[Assignment]:
Starting at the line that contains "POWERFUL JUICER: Equipped", transcribe each line exactly through the end of the data below, and skip any pictures.

[Raw data]:
BEGIN
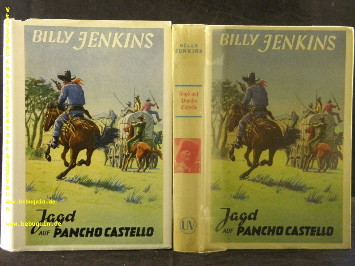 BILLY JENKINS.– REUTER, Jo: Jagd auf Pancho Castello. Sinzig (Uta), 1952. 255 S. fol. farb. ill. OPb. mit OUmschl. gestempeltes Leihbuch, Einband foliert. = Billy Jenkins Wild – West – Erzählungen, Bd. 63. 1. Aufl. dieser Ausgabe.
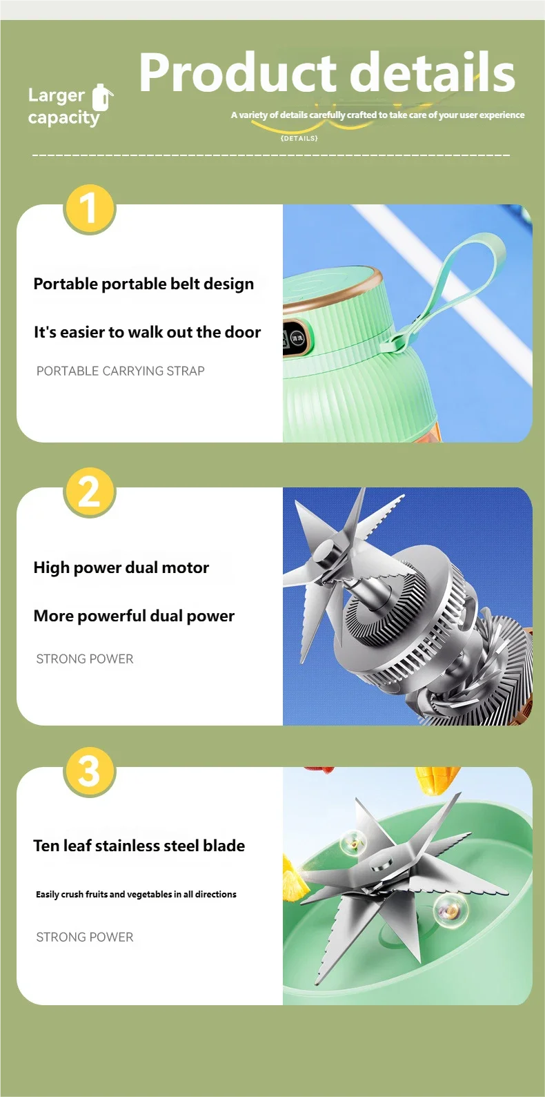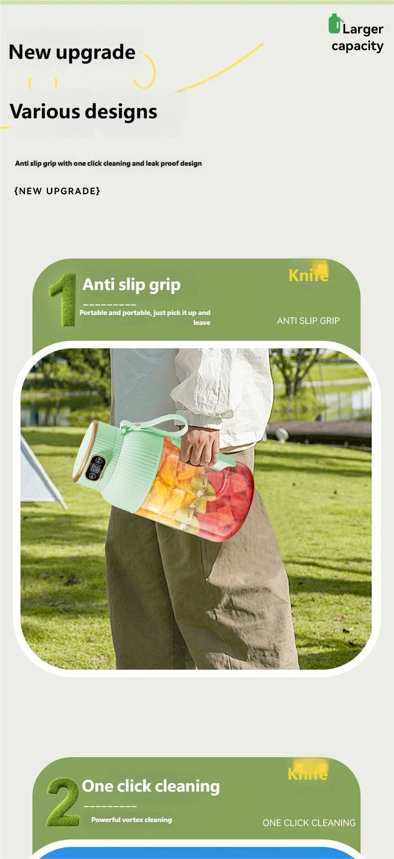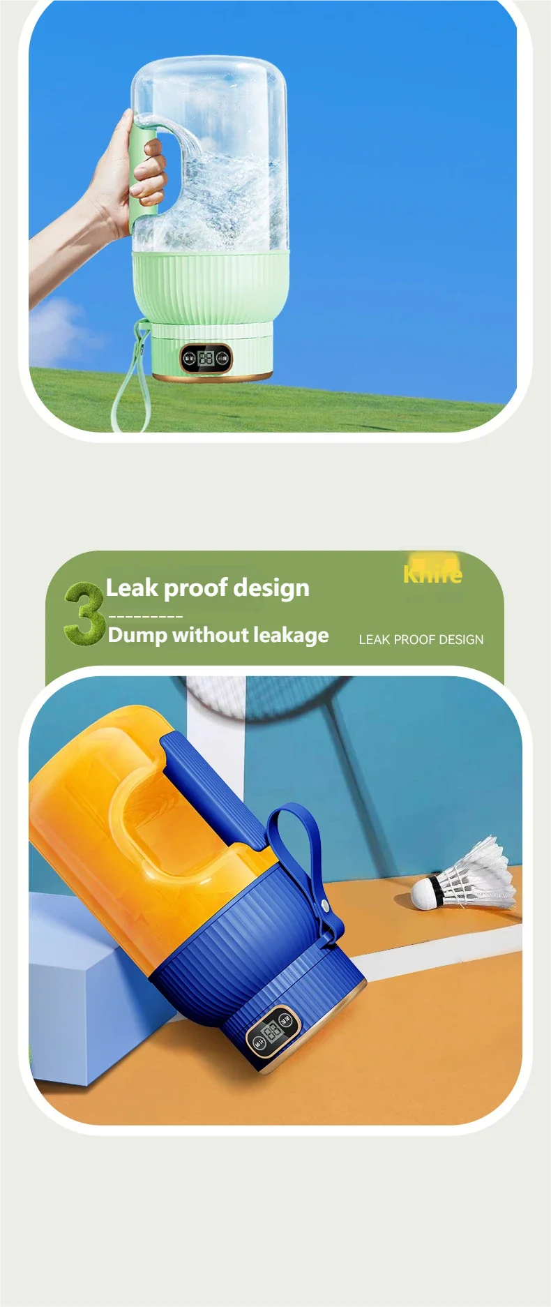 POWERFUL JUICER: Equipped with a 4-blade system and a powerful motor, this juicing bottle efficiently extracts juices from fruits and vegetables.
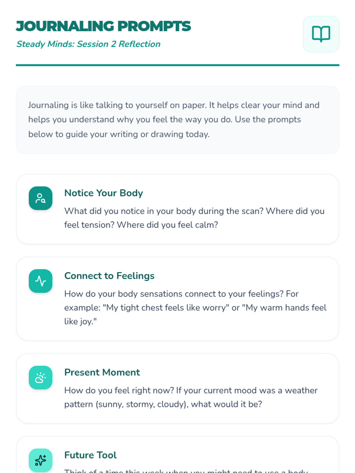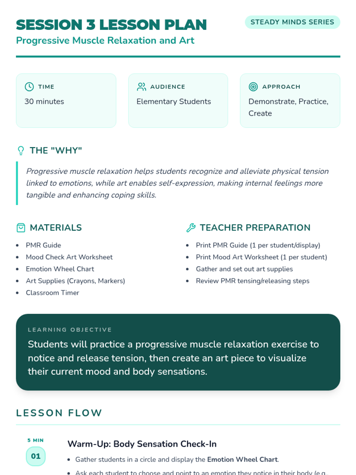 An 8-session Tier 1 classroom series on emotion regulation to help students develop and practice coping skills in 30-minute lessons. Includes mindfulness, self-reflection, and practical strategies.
END
[Output of the exercise]:
 POWERFUL JUICER: Equipped with a 4-blade system and a powerful motor, this juicing bottle efficiently extracts juices from fruits and vegetables.
 An 8-session Tier 1 classroom series on emotion regulation to help students develop and practice coping skills in 30-minute lessons. Includes mindfulness, self-reflection, and practical strategies.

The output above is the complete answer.